Results: We included 221 cases and 410 controls. The mean CCI score in the early death group was 2.3 vs. 1.3 in the survivor group (p < .001). Still, 22% vs. 30% had a CCI score of zero (p = .04) with an average number of comorbidities among these patients of 1.63 vs. 1.06 respectively (p = .006). Among women, 23% in the early death group had depression vs. 13% in the survivor group, corresponding to an unadjusted odds ratio (OR) of 2.0 (CI 95% 1.0–3.7). However, in an adjusted analysis (incl. somatic comorbidities) the OR was 1.7 (CI 95% 0.8–3.5). Patients undergoing oncological therapy were older and tended to have more somatic comorbidities than the surgically treated patients.

Conclusion: Comorbidity remains a significant prognostic marker even for stage I lung cancer patients with a CCI score of zero. The suggested association between early death and depression among women needs to be studied further.

Introduction

Lung cancer is globally the most common cause of cancer-related death [Citation1]. Consequently, several initiatives to improve the prognosis have been undertaken. These have focussed on early identification, while also the quality and number of treatment options have gradually increased [Citation2,Citation3]. Thus, a larger proportion of medically unfit lung cancer patients can now receive curative treatment [Citation4]. Longstanding tobacco smoking is the main risk factor for lung cancer, and is also related to the development of several comorbidities [Citation5–7]. The impact of comorbidity on lung cancer prognosis is, however, difficult to establish. Aside from the direct effect on prognosis, comorbidity also indirectly affects both treatment decisions and the occurrence of treatment complications [Citation8–10]. Furthermore, lung cancer patients with comorbidities may benefit from a favourable stage distribution due to early detection [Citation11]. Among several comorbidity indexes, the Charlson comorbidity index (CCI) [Citation12–14] has often been used to describe the burden of comorbidity as a prognostic marker in population-based studies. In these studies, the burden of comorbidities is often assessed by hospital discharge diagnoses. However, large proportions of patients in these lung cancer populations have a CCI score of zero [Citation15,Citation16]. Furthermore, the CCI measures exclusively somatic comorbidity while psychiatric disorders may also affect the prognosis for cancer patients [Citation17]. One- and five year mortality rates are common landmarks when assessing cancer related outcomes. Our aim was to focus on early unanticipated death. Thus, in an explorative population-based matched case-control study, we have assessed the impact of both somatic and psychiatric comorbidities in relation to one-year mortality and treatment decisions for Danish stage I lung cancer patients who were considered candidates for curative therapy at the time of final staging.

Material and method

This is a population-based nested case-control study. Outcome was all-cause one-year mortality and treatment decision.

Data sources

The Danish Lung Cancer Registry (DLCR) has since 1 January 2000 collected data on all incident lung cancer patients in Denmark including information on several lung cancer and patient-specific clinicopathological parameters [Citation18].

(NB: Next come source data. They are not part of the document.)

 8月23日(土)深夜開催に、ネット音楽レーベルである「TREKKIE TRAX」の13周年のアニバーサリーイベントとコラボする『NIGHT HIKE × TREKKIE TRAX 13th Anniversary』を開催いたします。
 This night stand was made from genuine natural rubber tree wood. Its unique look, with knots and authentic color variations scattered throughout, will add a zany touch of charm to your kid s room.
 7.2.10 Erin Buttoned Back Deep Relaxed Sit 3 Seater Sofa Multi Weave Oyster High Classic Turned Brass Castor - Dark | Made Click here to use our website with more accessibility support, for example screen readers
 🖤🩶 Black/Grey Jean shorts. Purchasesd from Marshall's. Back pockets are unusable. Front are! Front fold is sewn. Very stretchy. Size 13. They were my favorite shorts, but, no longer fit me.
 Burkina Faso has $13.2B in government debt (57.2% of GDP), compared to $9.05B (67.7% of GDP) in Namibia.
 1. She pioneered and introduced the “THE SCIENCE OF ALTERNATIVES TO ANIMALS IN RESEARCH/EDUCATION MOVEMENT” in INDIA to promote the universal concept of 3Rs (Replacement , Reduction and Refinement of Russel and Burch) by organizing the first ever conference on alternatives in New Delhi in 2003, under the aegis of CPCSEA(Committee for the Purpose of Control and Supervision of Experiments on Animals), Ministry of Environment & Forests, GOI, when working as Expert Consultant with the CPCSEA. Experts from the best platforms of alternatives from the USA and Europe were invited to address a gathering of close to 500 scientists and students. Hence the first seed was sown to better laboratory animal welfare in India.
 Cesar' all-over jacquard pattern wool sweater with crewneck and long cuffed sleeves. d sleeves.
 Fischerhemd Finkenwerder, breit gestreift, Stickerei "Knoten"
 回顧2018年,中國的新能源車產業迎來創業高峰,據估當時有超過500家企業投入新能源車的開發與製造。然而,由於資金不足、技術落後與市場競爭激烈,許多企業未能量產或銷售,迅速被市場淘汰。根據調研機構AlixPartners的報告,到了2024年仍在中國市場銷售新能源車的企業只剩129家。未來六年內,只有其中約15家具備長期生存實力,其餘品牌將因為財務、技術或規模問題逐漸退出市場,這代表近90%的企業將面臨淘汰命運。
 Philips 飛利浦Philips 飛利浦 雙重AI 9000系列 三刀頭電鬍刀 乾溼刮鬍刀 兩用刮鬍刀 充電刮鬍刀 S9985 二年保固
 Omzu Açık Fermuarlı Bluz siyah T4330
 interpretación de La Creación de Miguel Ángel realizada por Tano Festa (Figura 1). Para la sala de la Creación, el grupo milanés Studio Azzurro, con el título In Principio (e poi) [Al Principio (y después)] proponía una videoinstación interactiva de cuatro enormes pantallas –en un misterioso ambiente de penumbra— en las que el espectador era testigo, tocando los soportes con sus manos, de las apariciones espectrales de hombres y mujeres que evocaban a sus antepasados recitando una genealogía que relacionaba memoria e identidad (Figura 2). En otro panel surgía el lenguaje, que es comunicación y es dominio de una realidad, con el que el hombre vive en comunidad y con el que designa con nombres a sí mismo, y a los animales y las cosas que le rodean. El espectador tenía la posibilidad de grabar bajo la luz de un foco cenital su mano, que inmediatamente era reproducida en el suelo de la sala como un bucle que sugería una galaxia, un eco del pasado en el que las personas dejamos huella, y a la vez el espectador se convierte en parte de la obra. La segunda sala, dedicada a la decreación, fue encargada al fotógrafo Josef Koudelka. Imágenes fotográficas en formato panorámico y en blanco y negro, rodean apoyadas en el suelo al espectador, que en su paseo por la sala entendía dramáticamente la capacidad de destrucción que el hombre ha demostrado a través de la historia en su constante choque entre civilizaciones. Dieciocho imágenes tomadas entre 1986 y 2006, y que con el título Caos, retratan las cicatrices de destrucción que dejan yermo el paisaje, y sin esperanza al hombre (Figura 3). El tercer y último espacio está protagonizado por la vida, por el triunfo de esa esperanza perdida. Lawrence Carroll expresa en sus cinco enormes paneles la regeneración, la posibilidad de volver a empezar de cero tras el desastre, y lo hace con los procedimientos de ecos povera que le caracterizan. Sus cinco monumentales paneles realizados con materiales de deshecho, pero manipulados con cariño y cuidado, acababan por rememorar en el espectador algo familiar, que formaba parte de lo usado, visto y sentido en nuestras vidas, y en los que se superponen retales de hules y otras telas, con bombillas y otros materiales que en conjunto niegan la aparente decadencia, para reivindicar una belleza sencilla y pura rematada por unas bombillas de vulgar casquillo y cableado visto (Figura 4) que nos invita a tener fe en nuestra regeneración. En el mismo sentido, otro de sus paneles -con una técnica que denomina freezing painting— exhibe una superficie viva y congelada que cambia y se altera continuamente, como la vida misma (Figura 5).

The Danish Cancer Registry (DCR) has collected data on all incident malignant, premalignant, and certain benign neoplasms since 1943 [Citation19]. Data on type and year of diagnosis of another primary cancer diagnosed prior to or during time of diagnosis of the lung cancer were retrieved from the DCR.

Medical records from all included patients from the departments of pulmonology, oncology, and thoracic surgery, were used to retrieve detailed data concerning the study variables.

Study population

We identified patients in the DLCR with stage I lung cancer diagnosed between 1 January 2011 and 31 December 2014, with a treatment registration who were referred to curative treatment and died within one year after diagnosis. These were then matched by age (five-year increments) and gender with two controls diagnosed the same or previous year and who survived more than one year.

Ethical approval

The study was approved by the Danish Data Protection agency and The Danish Health Authority.

Study variables

Data on comorbidities were primarily retrieved from the summary of the medical history including daily medications, which is mandatory to document in the medical record at first visit. Comorbidities uncovered during the diagnostic work-up for lung cancer were also included. We chose this approach since treatment decisions were based alone on these data.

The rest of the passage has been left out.